Batch of Molecule – A batch of selected molecules.

class Worst(num_batches=None, batch_size=1, duplicate_mols=True, duplicate_batches=True, fitness_modifier=None)

Bases: stk.calculators.ea.selectors._BatchingSelector, stk.calculators.ea.selectors.Selector

Selects batches of molecules, lowest fitness value first.

Examples

Select the worst 5 batches of size 3

import stk

population = stk.Population(...)
worst = stk.Worst(num_batches=5, batch_size=3)
for batch in worst.select(population):
    # Do stuff with batch.

Methods

select(self, population[, included_batches, …])

Select batches of molecules from population.

__init__(self, num_batches=None, batch_size=1, duplicate_mols=True, duplicate_batches=True, fitness_modifier=None)

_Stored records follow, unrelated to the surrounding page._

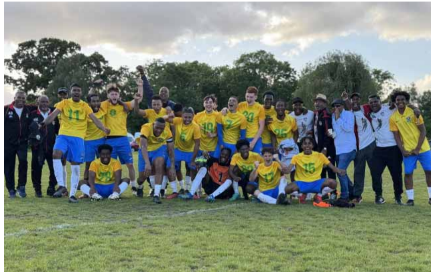
Cosmos FC players with supporters

As the day unfolds, the rain's whispers fade, replaced by a symphony of light. Bathed in the sun's golden embrace, the earth rejoices. Every leaf, every blade of grass, glistens with brilliance. The sun, in its full glory, reigns supreme, bestowing upon us a warmth that seeps into our souls. The scene is set.
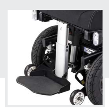
The central legrest enables a 90° knee angle
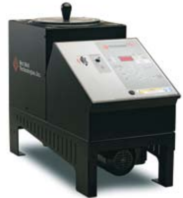
HP-535 AutoPack with a 35-lb. tank
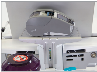
Printer or Scanner Shelf
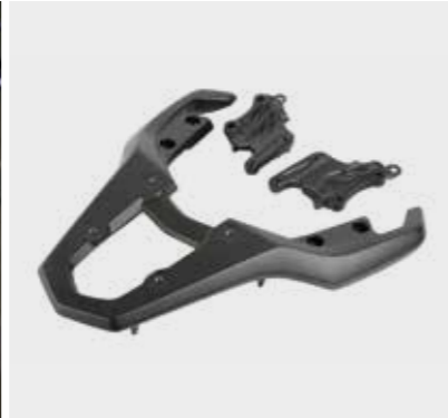
Rear Carrier 08L71-MGZ-D80ZA

35L Top Box designed to be operated with your CB500X key. This set includes all the components to mount the top box on the bike and the key system. € 337,79 (tva inclus)
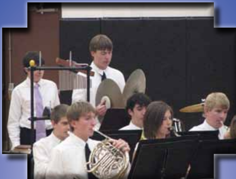
Pictured Above: Larimore High School Band
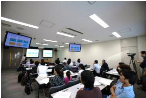
Parallel session 3
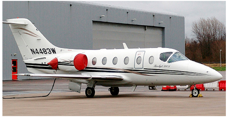
Beechjet 400 Engine Covers
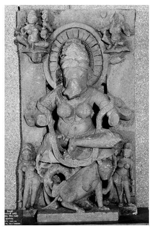
Fig. 8. Elephant-faced yoginī from Hinglajgadh, on the border between Madhya Pradesh and Rajasthan, middle of the 10<sup>th</sup> century. N° 209.

The elephant-faced yogin\bar{\imath} is represented seated on a full-blown lotus, with four female attendant figures flanking her, two along the base of the slab and two flying at its top. Her head, encircled by a petalled halo, is adorned by an elaborate crown, in the style of her richly bejewelled body. Both her trunk and her four arms are broken. Although the v\bar{a}hana is partly damaged, it is a prominent presence below the goddess's throne. It is likely a bandicoot, as some of the characterising features of the species are visible, namely the five nails, and the long, thin, and sparsely furred tail<sup>30</sup>. Its size is particularly conspicuous, and it is portrayed crouching on its hind legs, apparently with a chain around its neck.

Initialize a Worst instance.

Parameters
  • num_batches (int, optional) – The number of batches to yield. If None then yielding will continue forever or until the generator is exhausted, whichever comes first.

  • batch_size (int, optional) – The number of molecules yielded at once.

  • duplicate_mols (bool, optional) – If True the same molecule can be yielded in more than one batch.

  • duplicate_batches (bool, optional) – If True the same batch can be yielded more than once. Duplicate batches can occur if the same molecule is found multiple times in a population.

  • fitness_modifier (callable, optional) – Takes the population on which select() is called and returns a dict mapping molecules in the population to the fitness values the Selector should use. If None then EAPopulation.get_fitness_values() is used.

select(self, population, included_batches=None, excluded_batches=None)

Select batches of molecules from population.

Parameters
  • population (EAPopulation) – A collection of molecules from which batches are selected.

  • included_batches (set, optional) – The identity keys of batches which are allowed to be yielded, if None all batches can be yielded. If not None only batches included_batches will be yielded.

  • excluded_batches (class:set, optional) – The identity keys of batches which are not allowed to be yielded. If None, no batch is forbidden from being yielded.

Yields

Batch of Molecule – A batch of selected molecules.